Countries in Asia, such as Indonesia, the Philippines, South Korea, and
Thailand, are natural candidates and should be encouraged to participate. They
will have to satisfy entry criteria and be accepted by the current members,
which should be achievable. To serve as a global trade framework, however,
CPTPP will need to expand further, particularly to EU and non-EU countries in
Europe, such as Norway and Switzerland, all of which should be able to qualify
for entry. The EU itself is a rule-making institution, which may make its
members wary of joining CPTPP. But the benefits of participating in a much
larger trade bloc that supplements the weakened WTO system should outweigh any
downside for Europe of negotiating trade rules with CPTPP members.
Keeping the Door Open
Bold but pragmatic
measures are necessary to strengthen the multilateral trading system amid the
latest U.S. efforts to undermine it. No country can achieve economic security
alone, not even the United States; resilient supply chains depend on having reliable
partners to trade with. Trade is the best way to avoid
overdependence on any one country, whether that is dependence on exports to the
United States that may impose steep tariffs at any time or dependence on China
for supplies of critical minerals and clean energy products.
Trump’s tariffs
complicate international efforts to reduce this dependence on China. In recent
years, the United States has been leading multilateral efforts to develop
alternative supply chains for critical minerals and clean energy technologies.
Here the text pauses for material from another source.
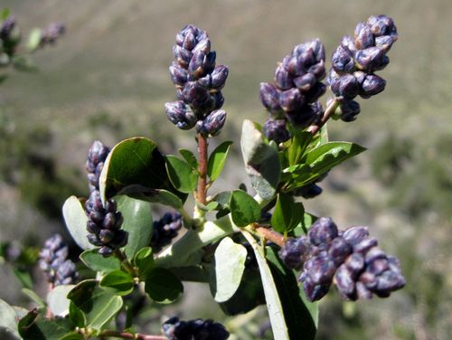 This large shrub has thorns that grow along the stem. Its blue-green leaves are small and oval and contrast nicely with the gray-white, waxy stem. Chaparral whitehorn blooms in spring, with long clusters of tiny flowers in shades of blue, lavender, or white. The small fruit is a sticky, yellow-green capsule small mammals, birds, and insects eat. Mule deer and bighorn sheep browse the new growth and shoots.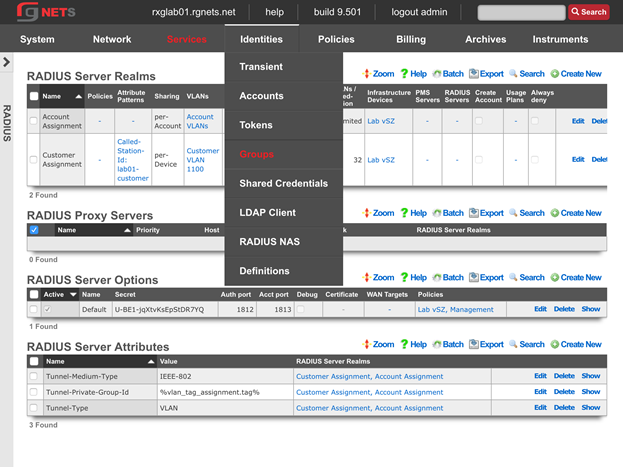 Next the RADIUS Server Realms must be configured to use MPSK. Navigate to Services::Radius.

But tariffs will erect walls that break those links. If Washington
will not be a reliable partner, other countries will need to build these supply
chains among themselves. Japan has already been working with Australia and
India to source rare earths. But Tokyo should be doing more. Japan’s friends in
Asia, as well as Canada and countries across Africa, Europe, Latin America, and
the Middle East, could all play a role in developing critical mineral and clean
energy supply chains.
All of these measures
to strengthen global trade rules and shore up critical supply chains would have
a much greater effect if the United States were to join. That door should
remain wide open, but merely hoping for the United States to change its thinking
is not a strategy. Japan and like-minded countries need to mitigate the damage
of U.S. tariffs—current and potential—and in the process find ways to expand
trade and boost their economic security while augmenting the international
trade system.
If the rest of the
world demonstrates that it can cooperate and prosper without the United States,
future American leaders and the American people may come to see the benefits of
participating in global initiatives once again. That outcome would be good for
Japan, good for the world, and even good for the United States.